= Museum of Illumination and Heating Appliances =

Privately run museum in Istanbul, Turkey

The Museum of Illumination and Heating Appliances (Aydınlatma ve Isıtma Araçları Müzesi) is a small, privately run museum adjacent to the Blue Mosque and Hagia Sophia in the Sultanahhmet neighbourhood of Eminönü in Istanbul, Turkey.
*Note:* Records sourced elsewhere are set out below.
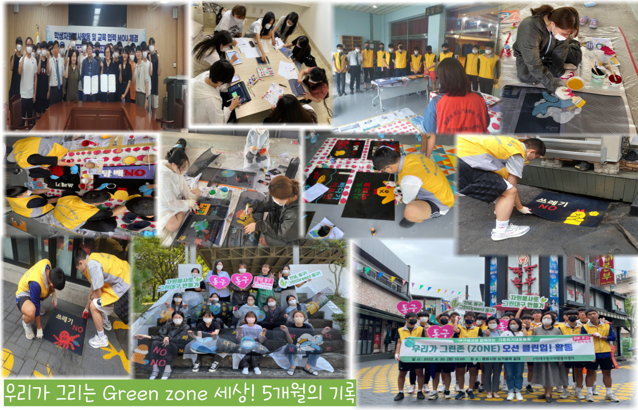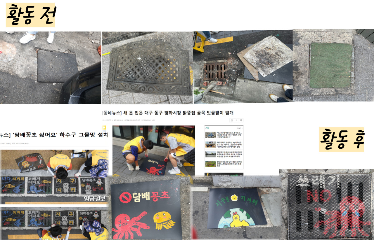 문제 해결을 위한 여러 방법을 모색 중 타 시도 하수구의 담배꽁초 예방 활동을 벤치마킹을 통해 시범적으로 진행하였습니다. 그 방법으로는 촘촘하지만 담배꽁초가 들어가지 못하는 구멍 크기의 PE망에 페인트를 활용하여 담배꽁초·쓰레기로 피해를 입는 해양생물과 경각심을 줄 문구를 칠하여, 시민들이 쓰레기를 무단으로 투기하지 않도록 유도하고자 하였고, 완성된 PE 망을 통행하는 시민들이 불편하지 않도록 하수구에 단단히 고정하였습니다. 또한, 상가 골목의 특성상 기름을 많이 사용하여 하수구 악취로 어려워하는 부분은 냄새방지와 더불어 쓰레기와 담배가 유입되지 않는 고무판을 맞춤 제작하여 고무판위 그림을 그려 덮어놓았습니다.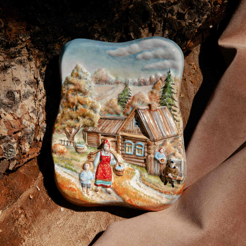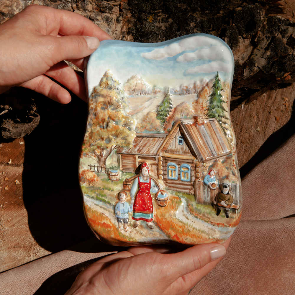 Рельеф “”Деревенская осень (малая с бабой)”” изготовлен в технике майолика и украшен ручной художественной росписью. Мастером очень тонко изображена жизнь русской деревни – самобытные жители и их повседневный быт, маленький деревянный домик за околицей, речка вдалеке, в обрамлении желтых полей и деревьев – тихая прелесть осеннего пейзажа. Каждая деталь и фигура на изделии, заставляет задуматься и воссоздает образы повседневной жизни нашего народа. Этот керамический рельеф станет не только прекрасным украшением для интерьера, но и настоящим произведением искусства, которое будет радовать и вдохновлять своего владельца каждый день. Благодаря своей уникальности и характеру, это изделие станет превосходным подарком для настоящего ценителя искусства и традиций.”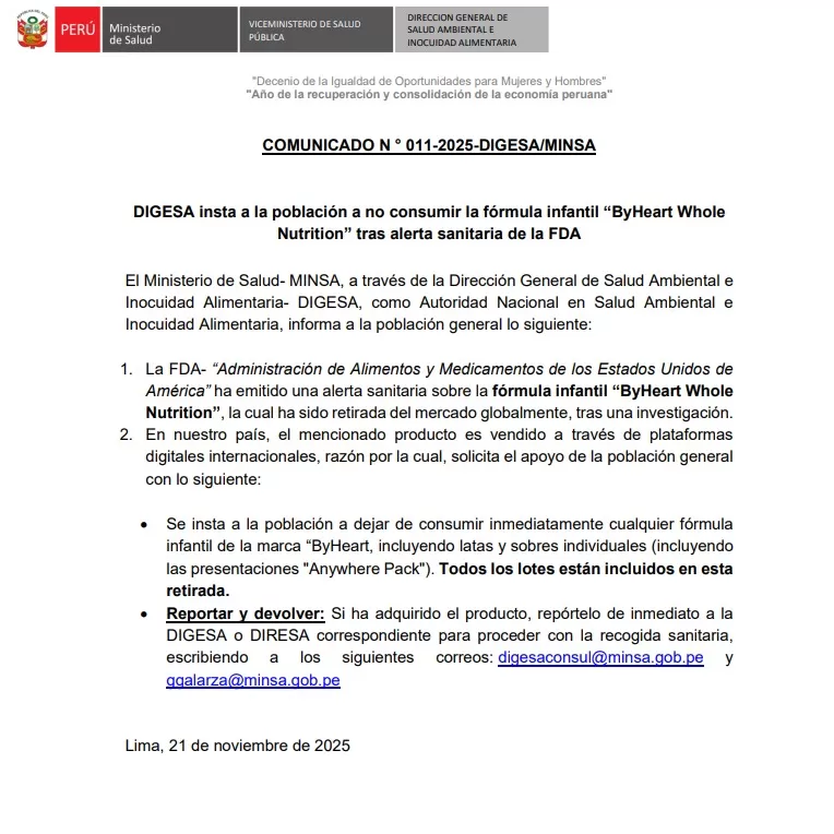 El Ministerio de Salud (Minsa) reiteró que la fórmula infantil ByHeart Whole Nutrition no es apta para el consumo y pidió a la población no adquirirla. La advertencia fue publicada a través de la Dirección General de Salud Ambiental e Inocuidad Alimentaria (Digesa), en el contexto de la alerta sanitaria internacional emitida por la Administración de Alimentos y Medicamentos de los Estados Unidos (FDA).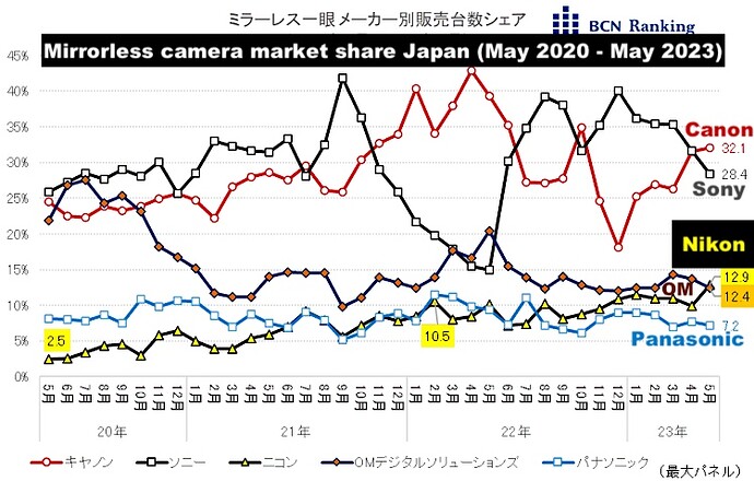 "A participação de mercado da Nikon está aumentando constantemente em câmeras de lente única sem espelho. A participação nas vendas por fabricante em maio de 2023 será de 12,9%. Ultrapassou a OM Digital Solutions (antiga Olympus) e subiu para o 3º lugar. Esta é a primeira vez em três anos que a empresa entra entre as três primeiras. Isso ficou claro a partir do “BCN Ranking”, que agrega os dados reais de vendas de varejistas de eletrodomésticos e lojas on-line.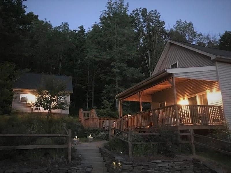 If you're looking for peace and privacy, look no further! This 13+ acres property includes, 3 bedroom 2 bath open concept home with stacked stone fireplace and radiant heat, maple hardwood floors that were harvested from the property, stainless appliances,16x20 guest house. Screened-in porch, wraparound deck. 3 stall horse barn with water, riding arena, 2 story garage with workshop, 2 ponds, one is stocked, other for small pets. Emergency generator system, no maintenance septic, All buildings have their own electric. Too many features to mention! A must-see!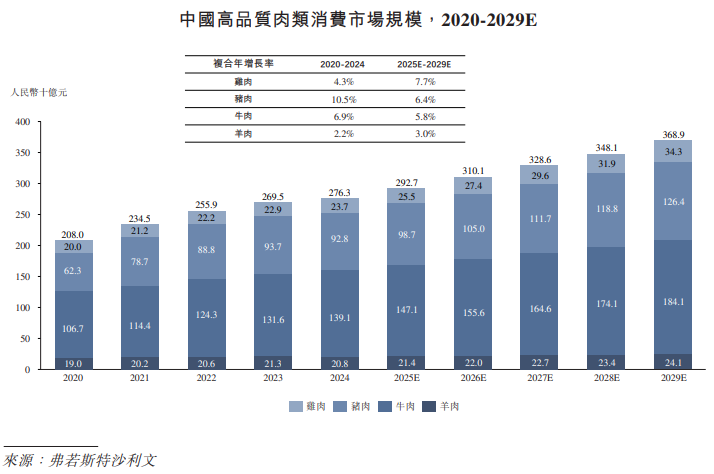 根据弗若斯特沙利文(Frost&Sullivan)的报告,中国高质量肉类消费市场规模于自2020年的人民币2,080亿元增至2024年的人民币2,763亿元,预计于2029年将达到人民币3,689亿元。

Located in a restored 19th-century mansion, the museum houses a large collection of antique and archaic heating and lighting appliances, as well as a variety of other Anatolian artifacts. The museum's pamphlet sums up its collection as:

Almost 90 percent of the items presented have been collected in Anatolia, while the remaining are from various parts of the world. Among these are
- stone lamps (40,000 years old),
- quick flammable plants (with the spark of two flint stones),
- oil lamps made of clay (15,000 years old),
- metal items 9,000 years old,
- glass 4,5000 years old,
- the discovery of steam energy,
- oil lamps from the Seljuk era,
- a porcelain oil lamp similar to the one at Louvre,
- cooking stoves,
- candle sticks from various countries and religions,
- kerosene lamps,
- Beykoz oil lamps,
- coal stoves and irons,
- Seljuk braziers,
- Ottoman incense burners,
- city gas lamps,
- stoves
- chandeliers, oil lamps, spirit lamps, acetylene lamps, Byzantine and Roman oil lamps,
- lanterns from different eras and places, and
- hundreds of amazing items for illumination and heating.

All are displayed in historical sequence, starting from the discovery of fire one million years ago.

For foreign visitors interested in Ottoman culture and society, the collection of room heaters and similar appliances gives a window into the lifestyle of Istanbul's golden age.